Compared to previous works^10,12 better results were achieved in the calculation of L1–L5 and SS angle. In particular, for L1–L5 we obtained R² equal to 0.77 (standard deviation = 6.30°) between the ground truth and the model predictions, versus 0.62 (11.5°) reported in¹². Concerning SS, we reported a mean absolute difference between ground truth and predicted values of 3.27° (standard deviation = 4.31°) versus 5° (3.4°) and 8.6° (8.5°) obtained by Korez et al.¹⁰ and Galbusera et al.¹² respectively, as well as improved R², 0.81, compared to 0.58 in¹² and to 0.73 in¹⁰. However, the maximum errors in the angles calculation were too high (50°, 49° and 34° for L1–L5, L1–S1 and SS respectively). We did not implement a manual intervention to help the model to correct these large errors so the model cannot be used for this purpose in a clinical application setting.

In a clinical perspective, the developed model has the potential for a relevant impact, especially in the field of spinal degeneration and deformities. In its current status, it allows calculating relevant radiological parameters (lordosis, kyphosis, segmental wedging, sacral slope, eliminating intra- and inter-observer variability³ and manual processing time. Future developments may potentially allow for the estimation of other sagittal parameters such as pelvic incidence, pelvic tilt, sagittal vertical axis. However, it should be noted that such extensions require a substantial amount of work, an enlargement of the training set, and further validations.

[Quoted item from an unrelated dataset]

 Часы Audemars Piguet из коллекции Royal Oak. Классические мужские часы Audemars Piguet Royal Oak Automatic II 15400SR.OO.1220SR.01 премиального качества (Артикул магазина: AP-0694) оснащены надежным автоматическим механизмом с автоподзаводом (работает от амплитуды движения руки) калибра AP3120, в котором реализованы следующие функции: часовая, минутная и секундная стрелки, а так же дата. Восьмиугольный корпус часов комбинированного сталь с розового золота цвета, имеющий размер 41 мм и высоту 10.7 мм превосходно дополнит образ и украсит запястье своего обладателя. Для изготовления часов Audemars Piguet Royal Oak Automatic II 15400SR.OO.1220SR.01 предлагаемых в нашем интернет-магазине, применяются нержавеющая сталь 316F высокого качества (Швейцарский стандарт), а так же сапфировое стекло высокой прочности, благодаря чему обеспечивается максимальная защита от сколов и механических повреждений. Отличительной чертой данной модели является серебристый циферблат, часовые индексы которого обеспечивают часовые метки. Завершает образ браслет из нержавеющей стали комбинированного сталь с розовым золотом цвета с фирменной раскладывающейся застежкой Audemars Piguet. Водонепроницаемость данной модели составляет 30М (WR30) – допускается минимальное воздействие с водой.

A possible application of our model is to provide a consistent way of automatically measuring the correction achieved after surgery for the treatment of spinal disorders such as spondylolisthesis. Moreover, the model could be used in the intra-operative phase; indeed, the achievement of the target when correcting spinal deformities is commonly assessed only post-operatively, whereas a real-time quantitative check of the correction during the surgery is currently not feasible, apart from approximate estimations by means of fluoroscopic imaging. In the research context, our approach can speed up the process of annotation to perform different tasks on x-ray images. For example, in order to compute the range of motion and center of rotation in flexion–extension paired radiographs, the manual annotation of all the radiographs is required before performing the computation. In this regard, the exploitation of the proposed model can allow for building an end-to-end pipeline that takes as input a pair of radiographs and provides as output the range of motion and the center of rotation of the motion segment. The developed model is also expected to provide an advantage to research projects in which accuracy and reproducibility of the measurements are fundamental, e.g. to improve the homogeneity of data collected in multicentric clinical trials or in the frame of trials conducted for regulatory purposes, for example for the marketing authorization of new spinal implants.

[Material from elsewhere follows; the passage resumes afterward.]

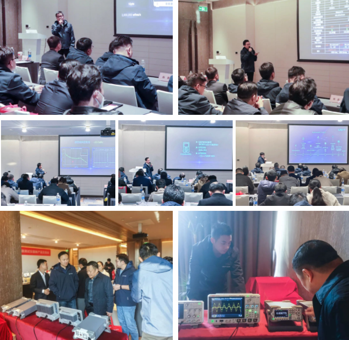 隨后,優(yōu)利德高端示波器負(fù)責(zé)人楊智忠先生、示波器產(chǎn)品線負(fù)責(zé)人宋大嵩先生、射頻微波及信號發(fā)生產(chǎn)品線負(fù)責(zé)人孫喬先生、東莞儀器開發(fā)部經(jīng)理吳忠良先生、市場部應(yīng)用工程師何聚仁先生分別介紹了混合信號示波器MSO7000X系列,數(shù)字熒光示波器UPO1000X系列,頻譜分析儀UTS5000A系列,UDP6900系列寬范圍可編程開關(guān)直流電源、UTE310數(shù)字功率計(jì)、UT8806六位半臺式數(shù)字萬用表、NeptuneLab實(shí)驗(yàn)系統(tǒng)綜合測試平臺,SaturnLab電力電子模型開發(fā)與實(shí)訓(xùn)系統(tǒng)以及2024年新品預(yù)告,全面展示了優(yōu)利德在測試測量領(lǐng)域的創(chuàng)新產(chǎn)品和解決方案,并就一些熱點(diǎn)和難點(diǎn)問題跟與會者進(jìn)行了深入的探討,為測量測試技術(shù)的發(fā)展和應(yīng)用提供了新的契機(jī)。

Despite the good performances generally superior to the state-of-the-art, we think that our model needs some improvements before clinical use. As a matter of fact, the model missed some vertebrae in the images (Fig. 3) leading to incorrect labeling and localization, potentially affecting the calculation of the angles. In several cases, the gross errors could be related to anatomical features which were underrepresented in the training dataset. For example, the presence of vertebral fracture, which is extremely rare in the training set, compromised the correct identification of the vertebra in Fig. 2. In this regard, we hypothesize that a targeted expansion of the training dataset would be effective in mitigating such limitation. The angles calculation using landmarks has room for improvement. The maximum errors are too high to make the model suitable for a real world application.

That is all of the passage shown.